[Start of section]
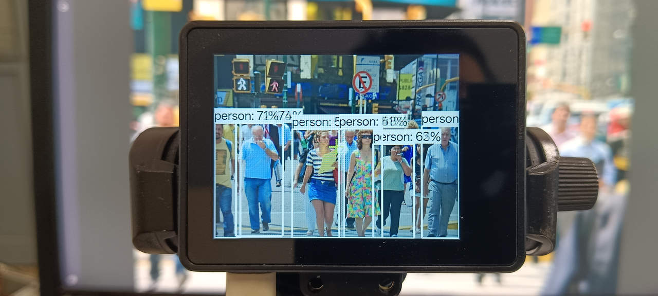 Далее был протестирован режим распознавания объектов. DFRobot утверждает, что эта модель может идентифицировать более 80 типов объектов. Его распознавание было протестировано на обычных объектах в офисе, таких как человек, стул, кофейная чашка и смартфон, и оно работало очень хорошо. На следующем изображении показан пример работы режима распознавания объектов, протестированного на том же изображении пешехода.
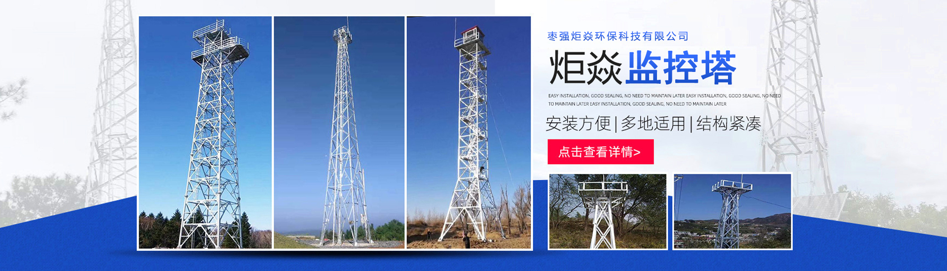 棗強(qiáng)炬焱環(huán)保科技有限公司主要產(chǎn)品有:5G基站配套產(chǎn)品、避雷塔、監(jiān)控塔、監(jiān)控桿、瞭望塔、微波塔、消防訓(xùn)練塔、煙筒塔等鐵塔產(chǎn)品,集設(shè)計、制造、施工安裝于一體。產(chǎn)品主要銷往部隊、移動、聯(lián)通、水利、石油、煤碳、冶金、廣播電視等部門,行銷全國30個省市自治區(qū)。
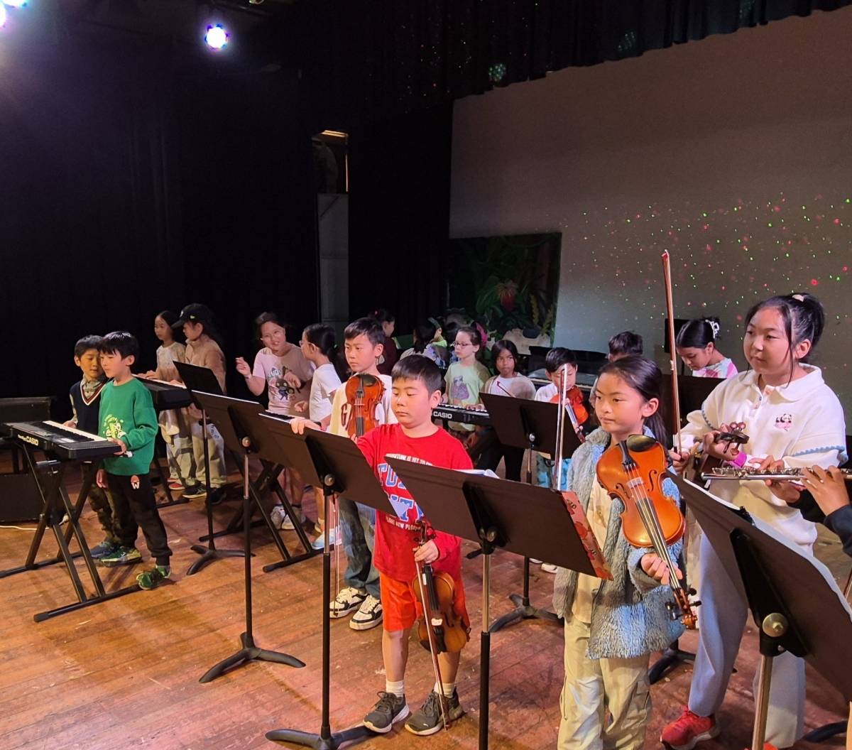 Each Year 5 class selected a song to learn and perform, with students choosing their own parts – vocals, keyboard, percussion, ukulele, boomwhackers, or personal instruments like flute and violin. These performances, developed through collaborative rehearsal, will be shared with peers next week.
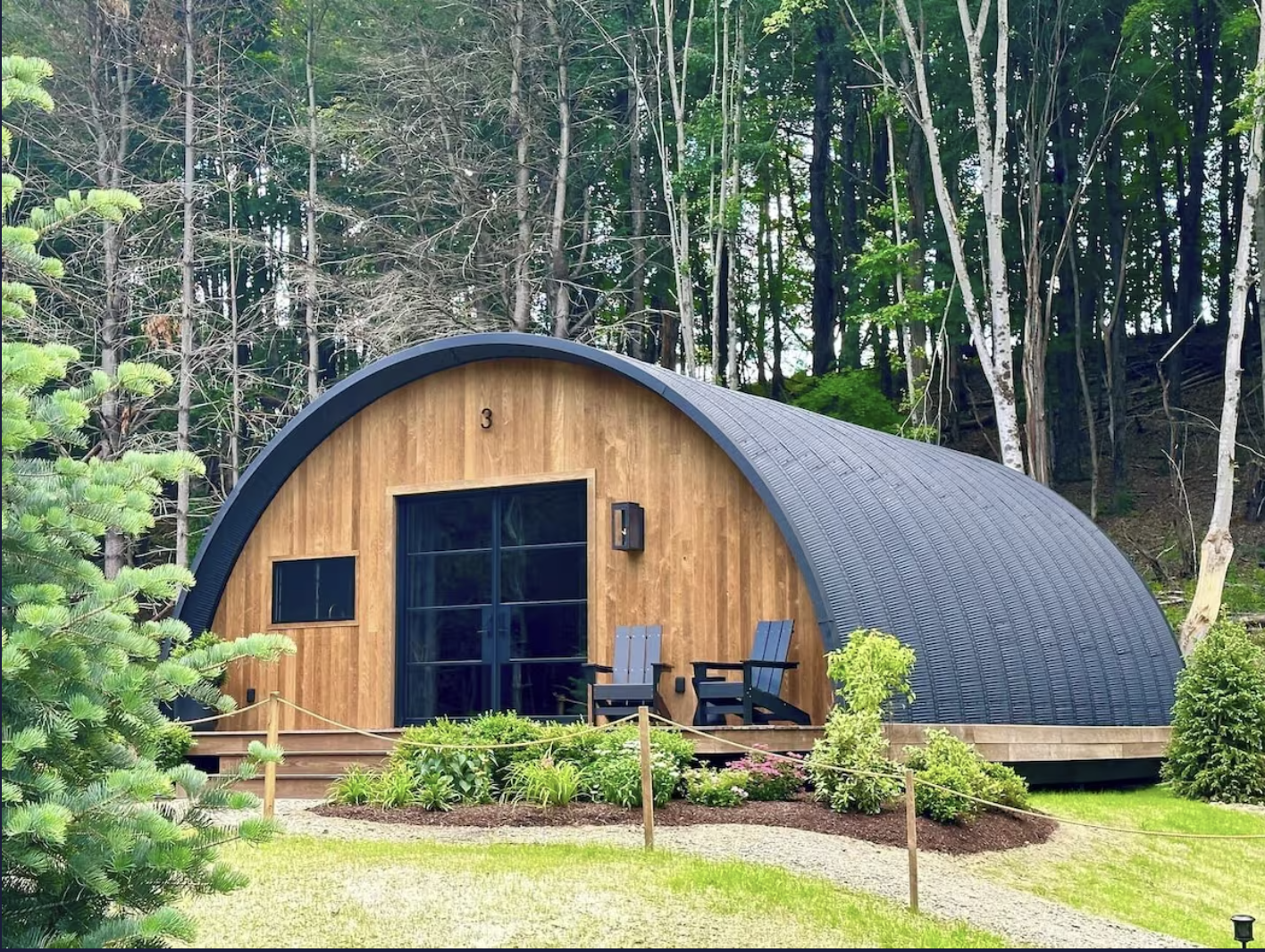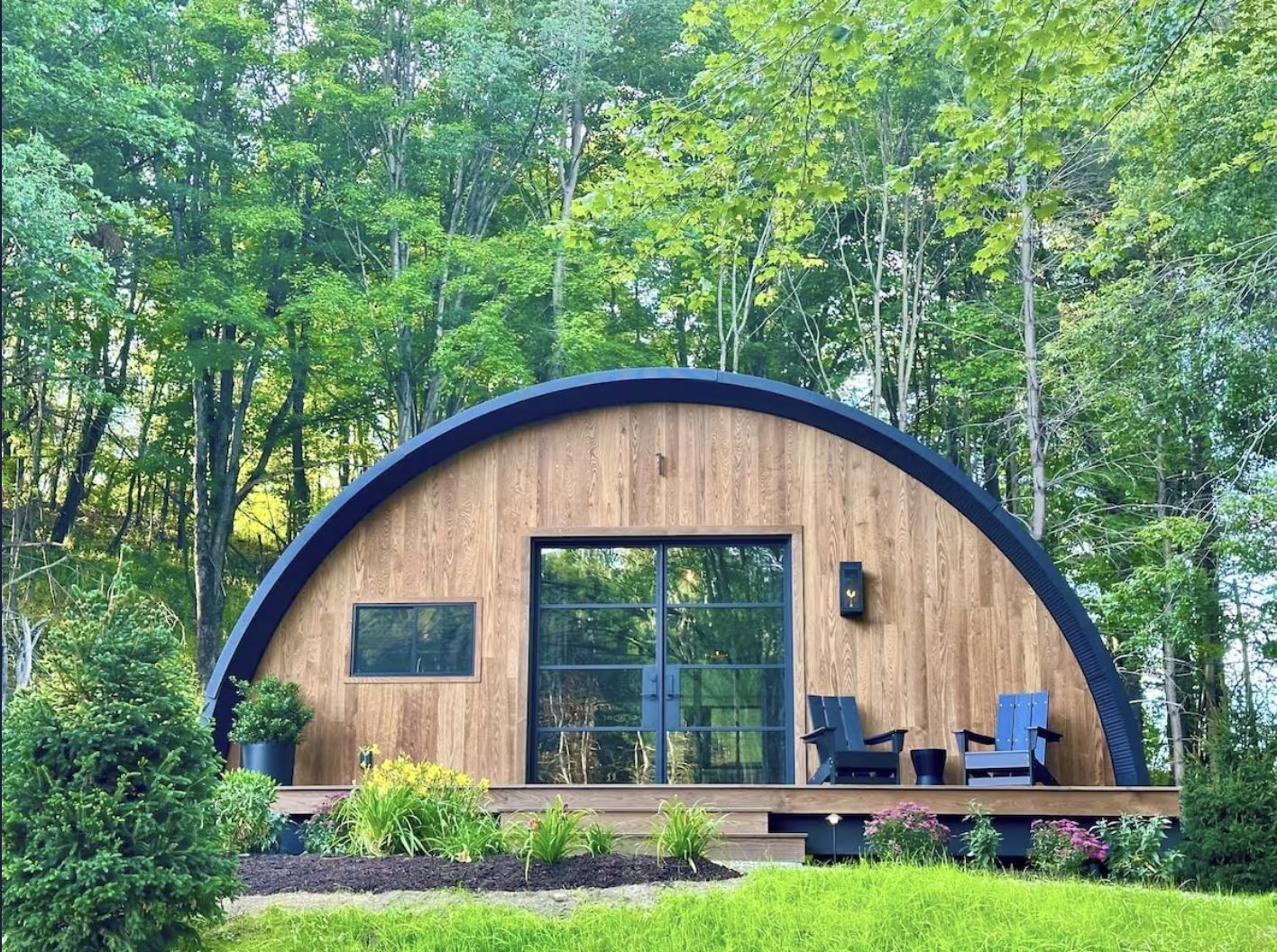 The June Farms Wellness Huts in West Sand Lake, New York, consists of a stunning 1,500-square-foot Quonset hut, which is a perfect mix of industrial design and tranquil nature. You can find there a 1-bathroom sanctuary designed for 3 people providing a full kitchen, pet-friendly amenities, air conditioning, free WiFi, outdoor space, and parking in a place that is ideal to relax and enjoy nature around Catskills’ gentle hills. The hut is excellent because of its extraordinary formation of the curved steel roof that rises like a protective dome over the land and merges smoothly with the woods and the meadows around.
[End of section]
[Start of section]
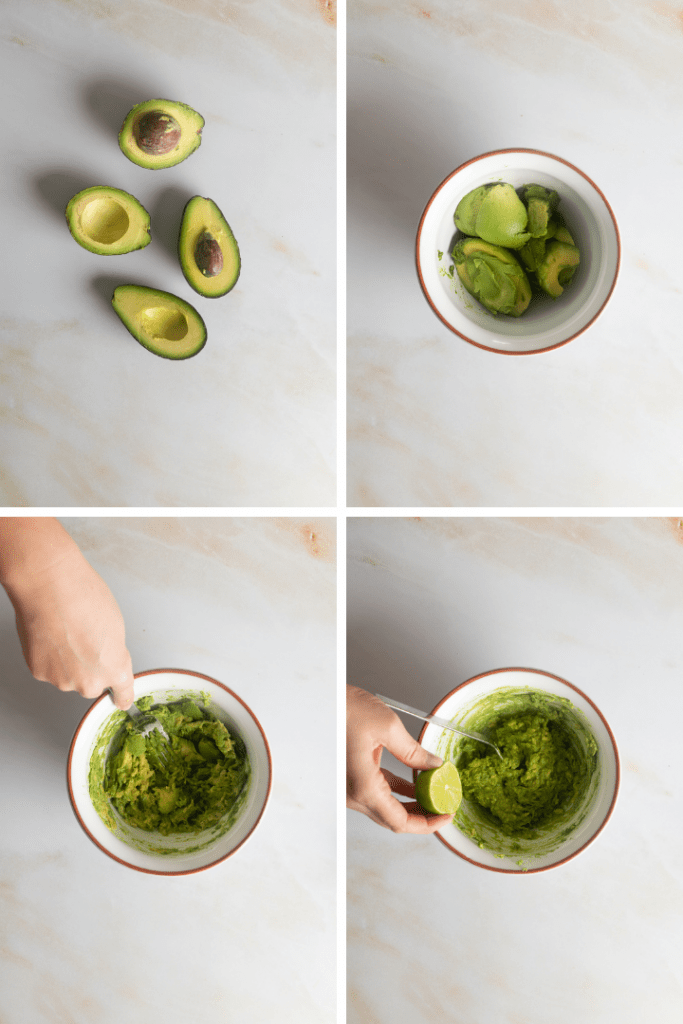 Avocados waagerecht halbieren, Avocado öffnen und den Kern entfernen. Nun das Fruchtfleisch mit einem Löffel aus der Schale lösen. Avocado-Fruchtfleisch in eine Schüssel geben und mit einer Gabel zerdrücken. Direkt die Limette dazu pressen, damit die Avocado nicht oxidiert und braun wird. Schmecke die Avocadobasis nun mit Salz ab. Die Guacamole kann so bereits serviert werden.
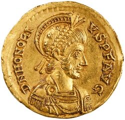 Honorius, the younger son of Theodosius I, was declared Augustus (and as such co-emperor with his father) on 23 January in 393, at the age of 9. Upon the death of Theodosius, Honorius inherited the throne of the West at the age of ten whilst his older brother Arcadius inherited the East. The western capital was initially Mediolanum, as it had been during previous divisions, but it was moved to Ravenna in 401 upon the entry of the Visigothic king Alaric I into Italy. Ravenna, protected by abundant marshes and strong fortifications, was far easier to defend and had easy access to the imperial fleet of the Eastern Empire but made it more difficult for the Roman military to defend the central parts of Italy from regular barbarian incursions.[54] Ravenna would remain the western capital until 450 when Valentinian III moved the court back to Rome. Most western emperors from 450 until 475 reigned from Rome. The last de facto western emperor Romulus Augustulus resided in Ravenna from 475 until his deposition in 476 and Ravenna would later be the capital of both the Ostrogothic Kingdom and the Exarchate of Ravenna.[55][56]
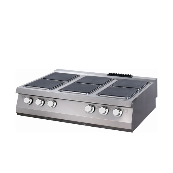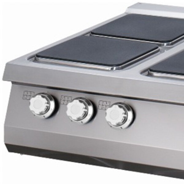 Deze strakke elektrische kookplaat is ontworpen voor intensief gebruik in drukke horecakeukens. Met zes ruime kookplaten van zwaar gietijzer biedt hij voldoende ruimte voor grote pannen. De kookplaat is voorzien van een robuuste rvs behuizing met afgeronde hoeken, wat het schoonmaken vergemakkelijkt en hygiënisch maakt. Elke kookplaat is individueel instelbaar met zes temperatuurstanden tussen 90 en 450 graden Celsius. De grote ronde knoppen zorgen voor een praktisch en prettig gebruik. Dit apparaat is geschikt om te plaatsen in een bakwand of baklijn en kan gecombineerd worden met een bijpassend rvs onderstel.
[End of section]
Beginning with the line that contains "Далее был протестирован", write out the lines of the material above exactly, and end with the line that contains "棗強(qiáng)炬焱環(h". Omit the pictures.

#### Solution to the problem:
 Далее был протестирован режим распознавания объектов. DFRobot утверждает, что эта модель может идентифицировать более 80 типов объектов. Его распознавание было протестировано на обычных объектах в офисе, таких как человек, стул, кофейная чашка и смартфон, и оно работало очень хорошо. На следующем изображении показан пример работы режима распознавания объектов, протестированного на том же изображении пешехода.
 棗強(qiáng)炬焱環(huán)保科技有限公司主要產(chǎn)品有:5G基站配套產(chǎn)品、避雷塔、監(jiān)控塔、監(jiān)控桿、瞭望塔、微波塔、消防訓(xùn)練塔、煙筒塔等鐵塔產(chǎn)品,集設(shè)計、制造、施工安裝于一體。產(chǎn)品主要銷往部隊、移動、聯(lián)通、水利、石油、煤碳、冶金、廣播電視等部門,行銷全國30個省市自治區(qū)。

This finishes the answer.